Brazil's health regulator called it the 'New Quality Era'. For anyone manufacturing regulated products, it's the biggest quality framework update in a decade.

What's in the proposal

Public Consultation No. 1.362/2025 opened for public discussion a set of changes to the regulatory framework of Quality Systems applicable to sectors regulated by ANVISA:

  • Pharmaceuticals
  • Medical devices
  • Cosmetics
  • Sanitizers
  • Food (in interface with health surveillance)

What ANVISA is

The Brazilian Health Regulatory Agency is the FDA-equivalent for Brazil — regulating quality systems for all health-related products sold in the country.

Why this matters internationally

The reform proposes aligning Brazil with practices of ICH (International Council for Harmonisation), PIC/S and ISO 13485 — facilitating export and reducing rework for companies operating in multiple countries.

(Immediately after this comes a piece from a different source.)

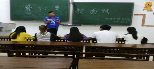 本次面试在物电楼两个地点同时进行,面试共分为自我介绍、课堂试讲、以及面试考官提问三个环节,通过此次面试我们将对前来面试的爱心支教的同学进行筛选,保证学院支教团老师的教学质量,争取为支教点带去更加优秀的老师。俗话说得好;“台上一分钟,台下十年功。”试讲内容多种多样。有诗歌文学、趣味英语、科普小实验等等。同学们在讲台上竭尽全力地发挥着自己的聪明才智,将准备内容讲解地有声有色,精彩无限;面试评委认真地听着同学们的讲解,仔细地观察每一个动作,根据课堂教学效果结合实际支教情况与同学们探讨并根据自己的教学经验为同学提出进一步的改进建议。

This is significant for companies that:

  • Already operate under FDA cGMP, EU GMP, or PIC/S
  • Want to export from Brazil to regulated markets
  • Want to import to Brazil from countries with mature quality systems

Pillars of the New Era

  1. Risk management as the backbone — ICH Q9 applied across the entire lifecycle
  2. Pharmaceutical quality system structured per ICH Q10
  3. Product and process knowledge documented and updated
  4. Process validation based on science, not number of lots
  5. Supplier qualification with formal requirements
  6. Change management with risk assessment before implementation
  7. CAPA (Corrective and Preventive Action) integrated with continuous improvement

What changes in practice

  • Internal audits more rigorous and documented
  • Quality indicators with goals and monthly monitoring
  • Management Review formal and periodic
  • Electronic audit trails in systems
  • Continuous training — not just initial onboarding
International alignment

For exporters, the reform is good news: it harmonizes requirements with markets like the EU, USA and Mercosur. For the domestic market, it raises the bar — companies operating at the minimum will need to invest more in quality.

Expected timeline

The public consultation goes through analysis of contributions and then becomes an RDC. Typically:

  1. Closing of the CP with consolidation of contributions
  2. Technical analysis by ANVISA — can take months
  3. Publication of the RDC with transition period (generally 12-24 months)
  4. Full vigency after the transition deadline

How your company can prepare

  1. Diagnosis of current system vs. the New Era pillars
  2. Adaptation plan with timeline and responsible parties
  3. Investment in qualification — quality team, electronic system, validation
  4. Active monitoring of the public consultation — submitting contributions is a right (and strategy)
  5. Benchmark with global manufacturers already operating under ICH Q9/Q10

Companies that anticipate gain competitive advantage both in export and in relationship with enforcement.